EXERCISE BRIEF —
Exactly as they stand, copy the lines from the one containing "3DMark 03测试后的得分,Intel SLI平台比AMD平台高出643分。" to the final line of the data; leave out the pictures.

Stored items

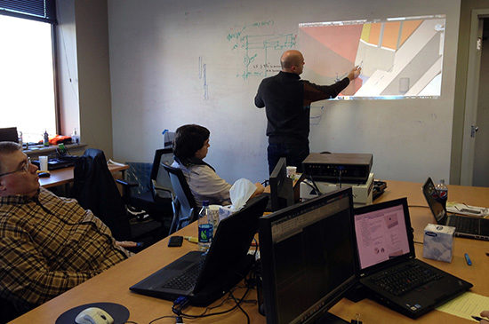 Neither the Krion nor the steel fabricators had heard of colocation before working with the Alexandria team. However, both remarked on how much they enjoyed the two week colocation experience and how the collaboration sped up the overall process. The Krion fabricator even commented on how elements of our design inspired ideas for future projects. All of us benefited from sharing our knowledge of different 3D programs and learned from each other while developing the spiral stair at colocation.
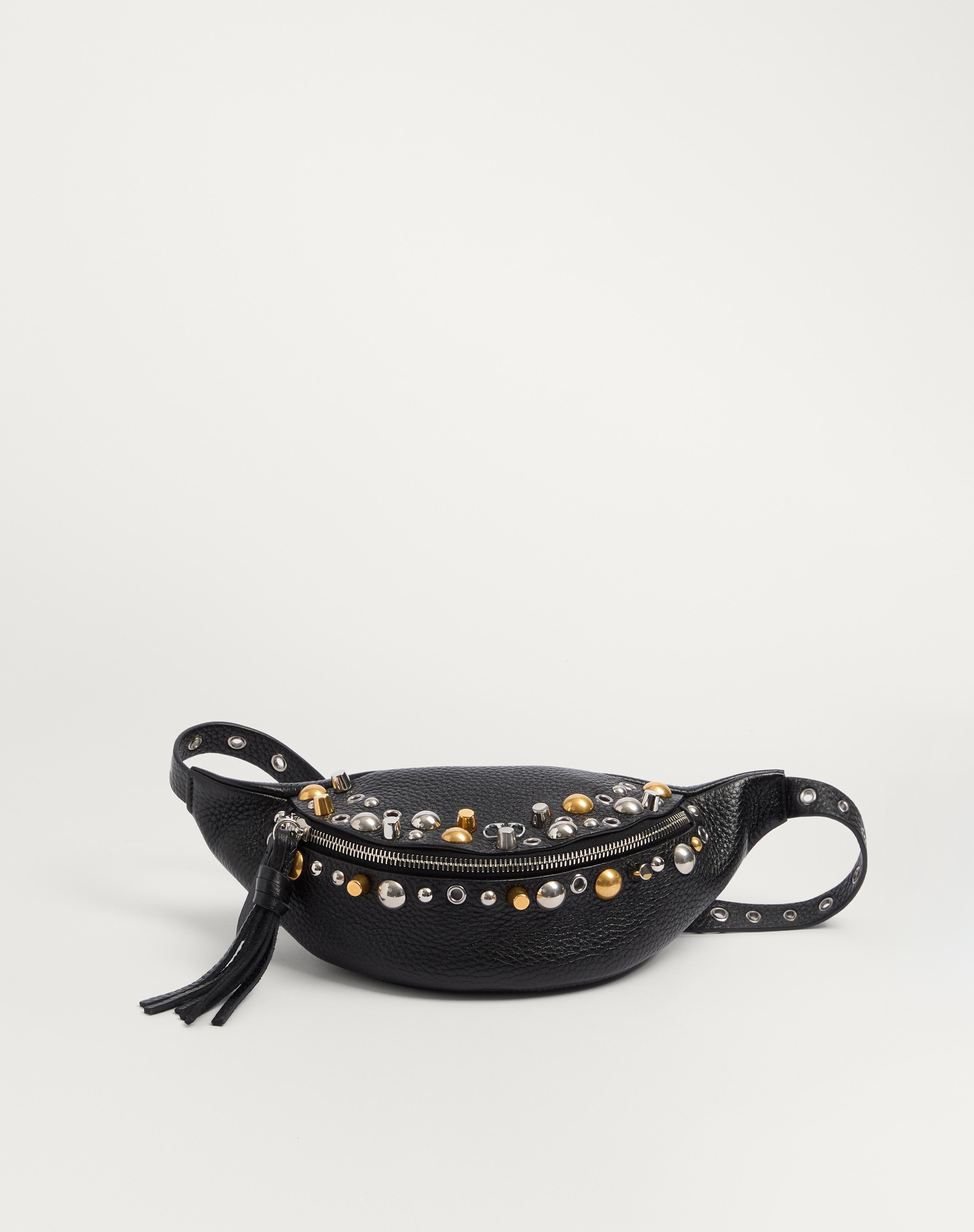 Valentino Garavani Nellcote belt bag in grainy calfskin decorated with studs of various shapes and sizes. - Small metallic detail with VLogo Signature - Zip closure - Adjustable grainy calfskin belt - Interior: slip pocket - Belt drop length: min. 8 cm to max. 38 cm / min. 3.1 in to max. 15.0 in. - Dimensions: W30xH7xD9 cm / W11.8xH2.8xD3.5 in. - Made in Italy Product code: 7Y2B0R39MJL_0NO
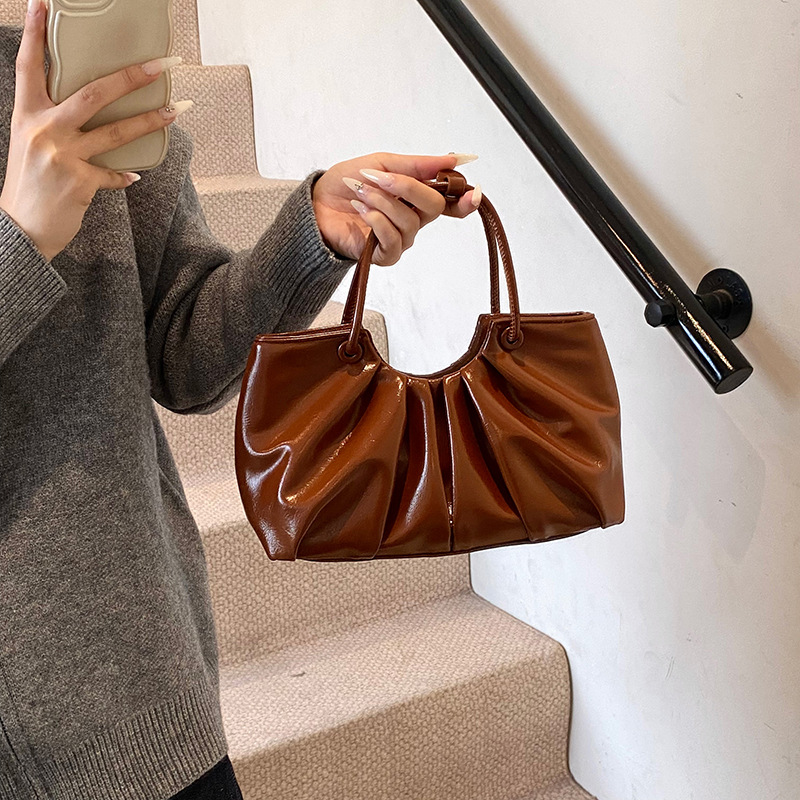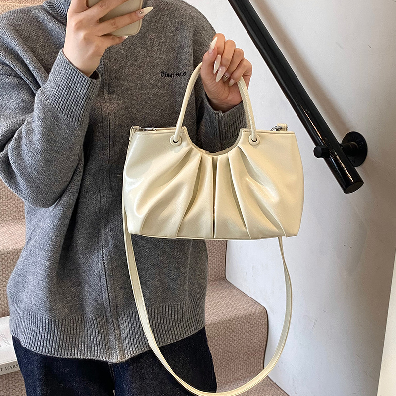 复古美拉德小包包女新款褶皱手提云朵包秋冬时尚油蜡皮斜挎包
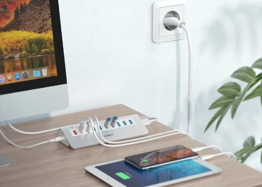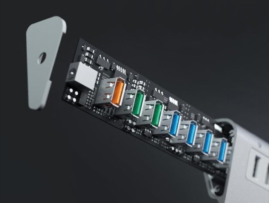 - 3 porty do ładowania urządzeń: Hub posiada wbudowane dedykowane 3 porty do ładowania urządzeń (2xUSB AiPower oraz 1xUSB Quick Charge 3.0)
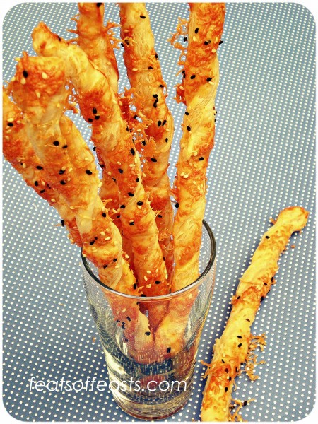 4. Carefully twist each strip till they look like coiled ribbons. Then place them on the baking tray. Once you’ve twisted all the strips of puff pastry and line them on the tray, brush each strip with egg wash but don’t be fastidious about it, it’s more for the cheese and seeds to adhere to the twists (below).
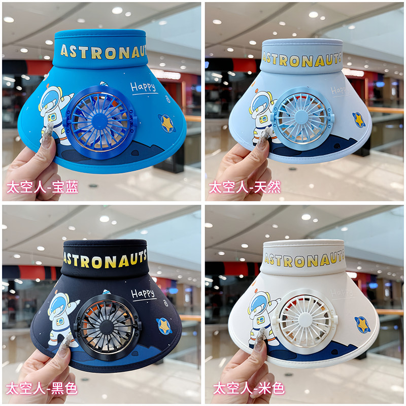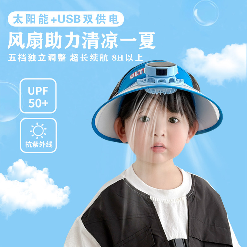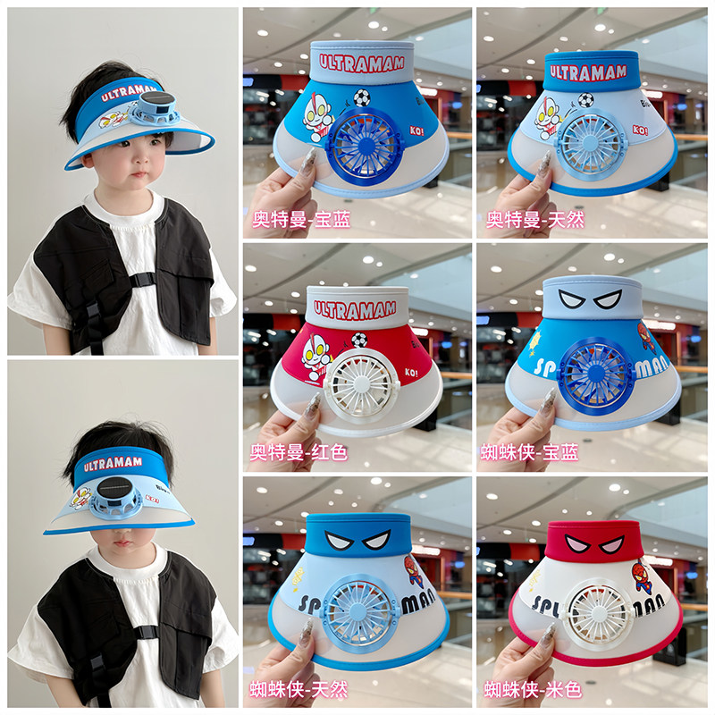 奥特曼儿童帽子太阳能风扇帽中大童夏季大帽檐防紫外线防晒遮阳帽
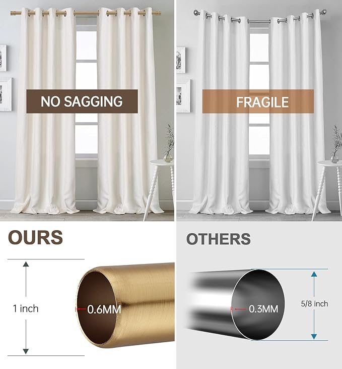 - 【No Sagging & Non-Deforming 】Sturdy and durable,1\” diameter and 0.8mm thick metal curtain rod,weight capacity up to 30 pounds.Use the rod for anything from sheer flowing curtains to heavier insulating drapes.
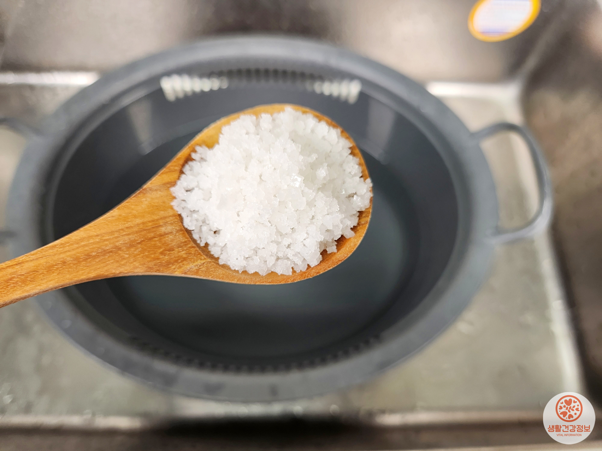 물3L에 굵은 소금 넉넉하게 한숟가락 넣어서
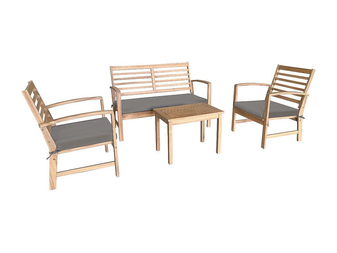 Conjunto de jardín Acacia sofá + 2 sillas + mesa natural/gris
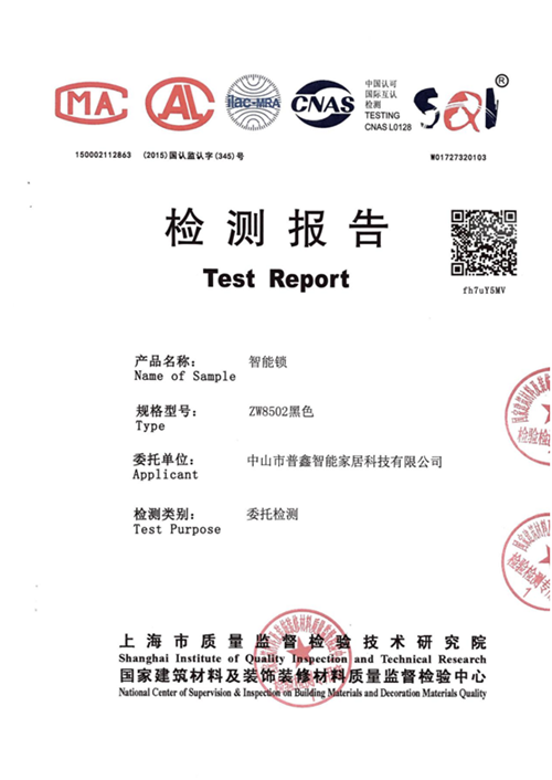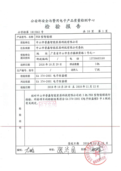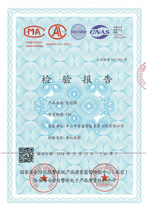 普鑫智能锁各项测试结果均达到检测依据相关规定。
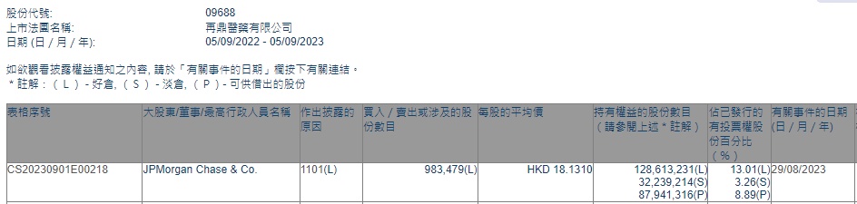智通财经APP获悉,香港联交所最新资料显示,8月29日,小摩增持再鼎医药(09688)98.3479万股,每股作价18.1310港元,总金额约为1783.15万港元。增持后最新持股数目约1.29亿股,最新持股比例为13.01%。
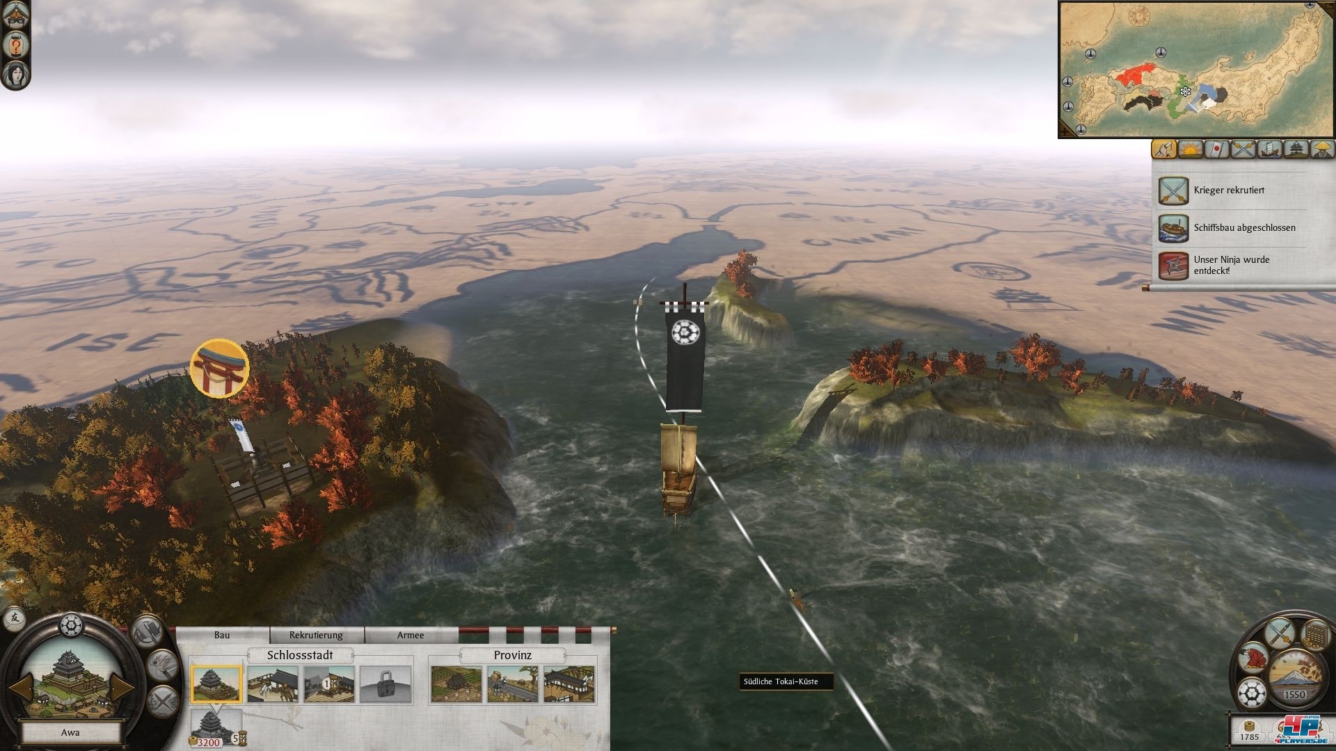 Schön und bekannt ist, dass Truppen unter Verschleiß leiden und empfindliche Verluste hinnehmen, wenn sie jenseits der Festung kampieren – hier sorgt der Winter dafür. Die Figuren auf der Karte sind zudem größer und detaillierter als noch in Empire: Man kann erkennen, wie sich der Ninja katzengleich inkl. Schattenwurf dem General nähert oder wie die Geisha zu ihrem Opfer tippelt. Zum ersten Mal verändern die Figuren mit gewonnener Erfahrung übrigens auch ihr Aussehen. Die Karte ist mit ihrem smaragdgrünen Meer ein Schmuckstück, das man sich sehr gerne anschaut.
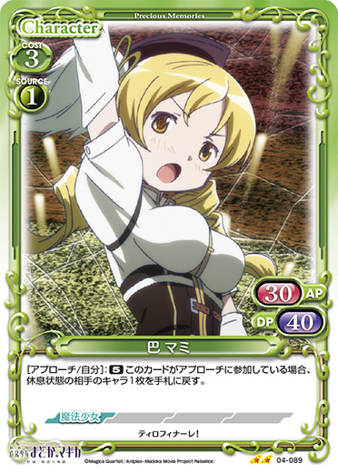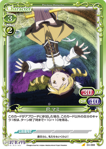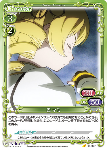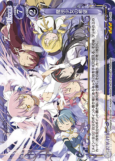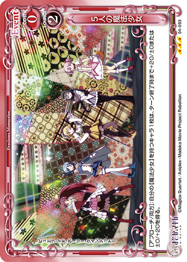 | [アプローチ/両方]:自分の【魔法少女】を持つキャラ1枚は、ターン終了時まで+20/±0または±0/+20を得る。 | ||
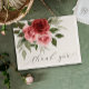Este design de cartões de agradecimentos de casamento inspirado na vintage apresenta rosas de aquarela impressionantes em tons de vermelho e rosa, aliados a folhagem verde mutada. A paleta de cores suave e neutra complementa casamentos de todas as estações, especialmente para casamentos outono. Ideal para casais que buscam um eterno, romântico e elegante para expressar sua gratidão.
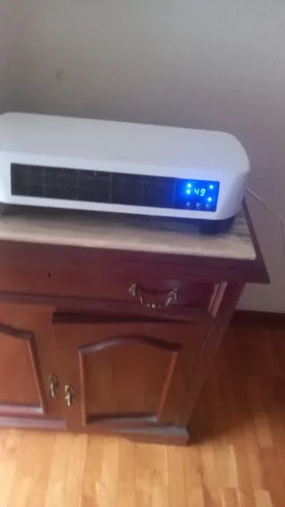 Calentador PTC cerámico para montaje en pared. Y en el suelo también se puede poner perfectamente y está completamente nuevo no hago envíos solo en Logroño en mano da calor es aire acondicionado da mucha calor ideal para el invierno sin usarlo. Está nuevo como se ve en las fotos para aire frío y caliente lo he puesto para probar solo - Incluye kit de montaje. - Mando a distancia incluido
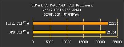 3DMark 03测试后的得分,Intel SLI平台比AMD平台高出643分。
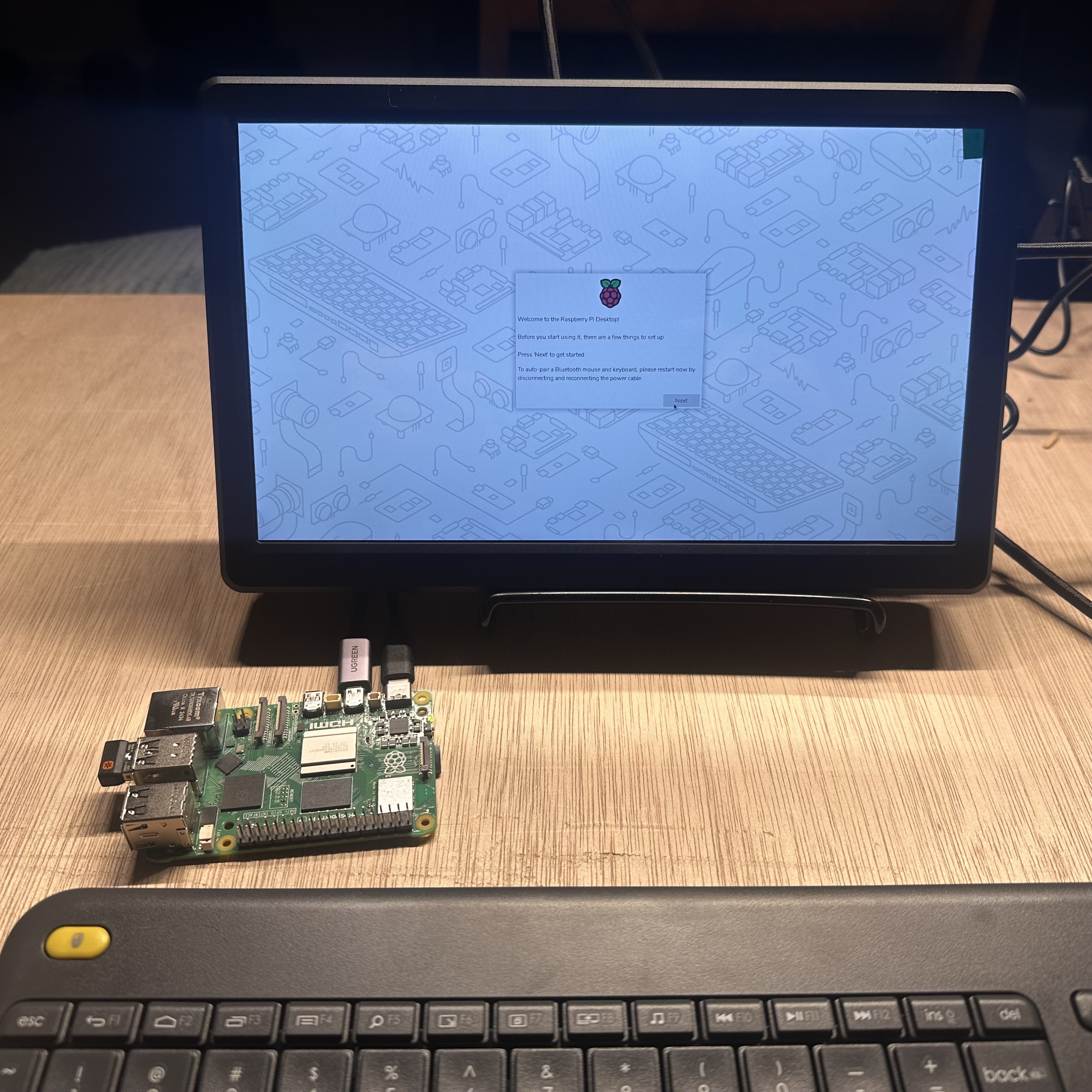 - A running Raspberry Pi — Flashed the microSD card, booted into Raspberry Pi OS, and got through the setup wizard.

ANSWER SECTION —
 3DMark 03测试后的得分,Intel SLI平台比AMD平台高出643分。
 - A running Raspberry Pi — Flashed the microSD card, booted into Raspberry Pi OS, and got through the setup wizard.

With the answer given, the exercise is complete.